These Chrome extensions can hijack computers to mine crypto

[Kargai]

This one is kindy scary since it proove that Google don't really manage his own catalog. And a lot of persons rely on them, believing if the extension is in the official catalog, that mean it's safe. Obviously not since more than 423,000 users are impacted this time.

Security researchers have uncovered 89 malicious Google Chrome extensions on the official Chrome store that can inject ads, code to secretly mine cryptocurrency, and load a tool to record and replay a person's browsing activities.

And those extensions come with a new twist : If it detect that the user is trying to report the extension, it redirect the user to the introduction of their extension and not to the report.

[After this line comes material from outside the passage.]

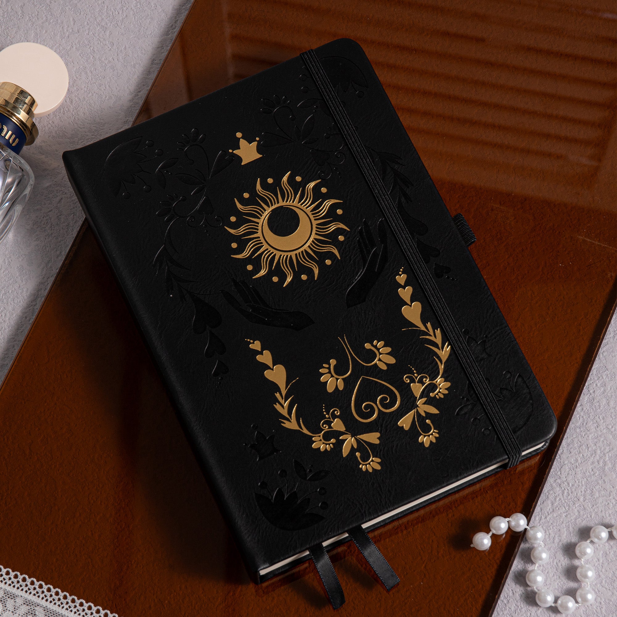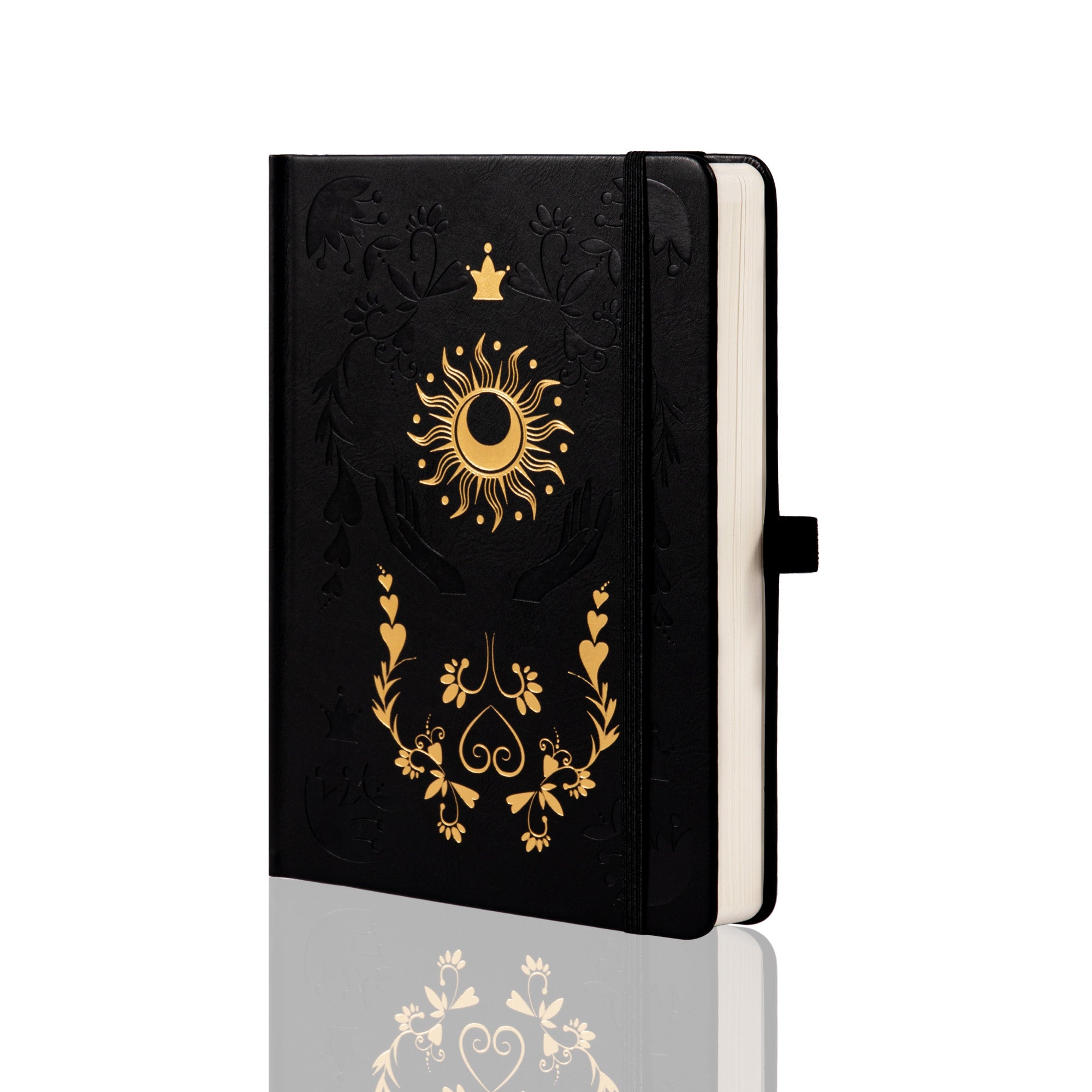 | Cover Design | Debossed and gold – stamped with hands holding the sun and moon |

Not enough sneaky ? If you try to remove the extension via the Chrome's extension management page it will show you that it's well deleted ...  when it is actually still lurking on the user's browser.

For now Google removed all the extensions affected by the problem and have disabled them on all the devices who were using them. They claimed that it's a lot of work since they already block around 1.000 problematics add-on evry month.

Source : http://www.ibtimes.co.uk/these-chrome-extensions-can-hijack-computers-mine-cryptocurrency-record-your-every-move-1658543

[barbaris]

I thought when I put the extension that I'm safe. But Google does not check them. Thanks now I'll be more careful with the download extensions.